Hill's plan involved dividing his force into three columns. The first, comprising the 28th, 34th, and the 6th Caçadores, under Chowne, was to storm the castle of Mirabete. The second, or centre column, comprising the 6th and 18th Portuguese infantry along with all the artillery, was to proceed along the main road and attack the works defending the pass. The third column, Kenneth Howard's brigade comprising the 50th, 71st, 92nd and a single company of the 5/60th, and commanded by Hill himself, was to climb the road leading through the pass of La Cueva and approach Almaraz via the path. The three columns set off at nightfall on 16 May, but at dawn all three were far from their objectives due to the rough nature of the terrain.

It was clear to Hill that there was little chance of being able to surprise the garrison at the bridge. Therefore, he sought another way to get his guns through the mountains. The French garrison was still unaware of Hill's force, and Hill thought he might succeed if he attacked Fort Napoleon and the bridge using only his infantry.

On the evening of May 18, Howard's brigade proceeded through the pass of La Cueva, reinforced by the Portuguese Caçadores. By dawn on 19 May, Hill's men had reached a point just half a mile from Fort Napoleon, but they were seen that morning as they crossed the mountains. The garrison inside Fort Napoleon, commanded by Colonel Aubert, was alerted, and the two centre boats of the bridge were removed.

The attack on the bridge at Almaraz began at dawn on 19 May, when Chowne's guns opened up against the castle at Mirabete. The defenders of Fort Napoleon, warned of the presence of Hill's troops, were prepared for the assault but were still taken by surprise when the 50th and part of the 71st burst from their cover and charged up towards the fort in the face of fire from the defenders and from the guns in Fort Ragusa. British troops were struck down as they dashed forward, but some reached the top of the hill and flung their ladders against the scarp. The men pulled themselves onto the first of the two steps and drew their ladders up. They placed the ladders on the step, climbed to the top of the ramparts, and were soon engaged in hand-to-hand fighting with the defenders along the ramparts.

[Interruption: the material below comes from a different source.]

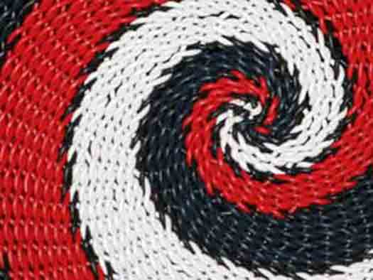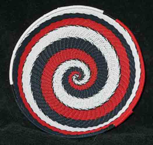 "The telephone wire basket is a relatively recent craft development which reflects the ingenuity of craftspeople. Brightly coloured telephone wires are used to great creative effect, decoratively covering objects such as bottles and walking sticks, or made into plates and baskets."

First up was Captain Candler of the 50th, who leapt over the parapet and was struck by several French musket balls. His men followed him, and the defenders soon began to retreat to the bridge-head. The commander of the fort, Colonel Aubert, refused to run and put up a gallant fight. He refused the offer of surrender, and a sergeant of the 50th ran him through with his pike. French troops tried to get to safety inside the tower but were forced to surrender. The guns of Fort Ragusa were unable to fire for fear of hitting their own men fleeing to the river.

The defenders of the bridge-head joined in the retreat across the pontoon bridge. The guns inside Fort Ragusa fired briefly against Fort Napoleon until answered by the captured guns. The action had lasted just 40 minutes. Four grenadiers of the 92nd swam to Fort Ragusa and brought back some boats to repair the pontoon bridge. Soon the rest of Hill's force arrived to find the French abandoning all their works on both sides of the river. Hill had these works blown up and the bridge burned.[ citation needed ]

Aftermath

The castle at Mirabete remained in French hands after Sir William Erskine, 2nd Baronet spread a rumour that Soult's entire force was approaching. This caused Hill, who had intended to level the castle, to retire to Trujillo and lose the chance to achieve complete success. The raid on the bridge at Almaraz cost the British 33 killed and 148 wounded, of which 28 of those killed and 110 of those wounded belonged to the 50th Regiment. French losses were estimated at about 400, 259 of whom were prisoners.

In 1813, the Duke of Wellington sent Lieutenant Colonel Henry Sturgeon of the British Royal Staff Corps to repair the bridge. Sturgeon constructed a suspension bridge, similar to the one he built at Alcántara. The Spanish built the present bridge between 1841 and 1845.